:: HOW TO COMPLETE THIS TASK ::
Reproduce, exactly and only, the lines of the data that follows from the one containing "Разогреть на сковороде" down to the one containing "- A performer", without pictures.

:: EXTRACTED ENTRIES ::
- Opening Delimiter -

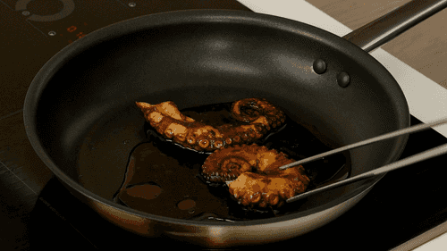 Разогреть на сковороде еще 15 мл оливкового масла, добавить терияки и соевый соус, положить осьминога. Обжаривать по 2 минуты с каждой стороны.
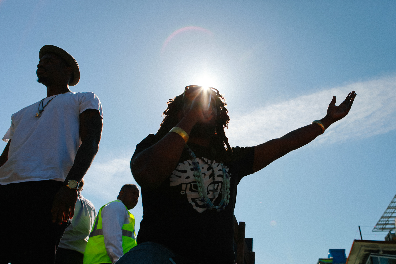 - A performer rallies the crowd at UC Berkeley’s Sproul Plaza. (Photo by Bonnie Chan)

- Closing Delimiter -
- Opening Delimiter -

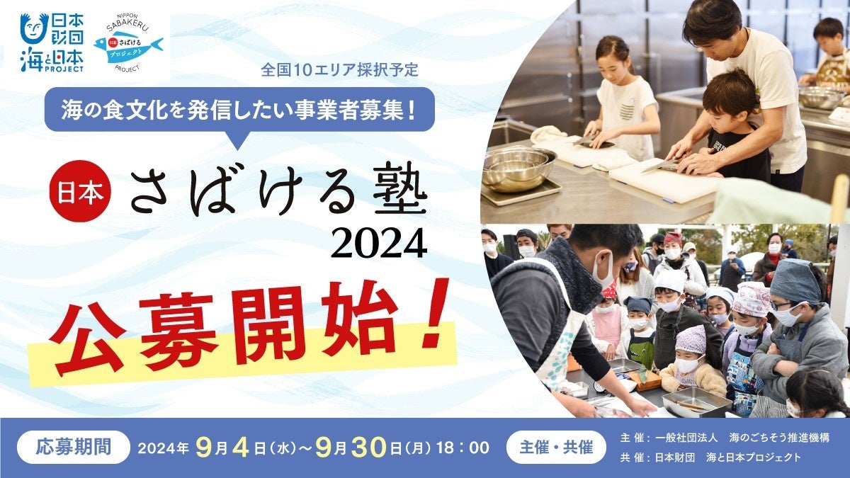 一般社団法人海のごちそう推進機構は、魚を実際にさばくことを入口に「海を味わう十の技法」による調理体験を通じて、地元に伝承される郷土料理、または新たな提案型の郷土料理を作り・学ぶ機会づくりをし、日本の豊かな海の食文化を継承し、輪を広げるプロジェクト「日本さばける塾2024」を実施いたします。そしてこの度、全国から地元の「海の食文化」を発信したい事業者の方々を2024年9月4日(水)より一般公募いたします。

- Closing Delimiter -
- Opening Delimiter -

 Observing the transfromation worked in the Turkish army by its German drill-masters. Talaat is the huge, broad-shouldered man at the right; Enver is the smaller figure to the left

- Closing Delimiter -

:: OUTPUT FOR THIS EXERCISE ::
 Разогреть на сковороде еще 15 мл оливкового масла, добавить терияки и соевый соус, положить осьминога. Обжаривать по 2 минуты с каждой стороны.
 - A performer rallies the crowd at UC Berkeley’s Sproul Plaza. (Photo by Bonnie Chan)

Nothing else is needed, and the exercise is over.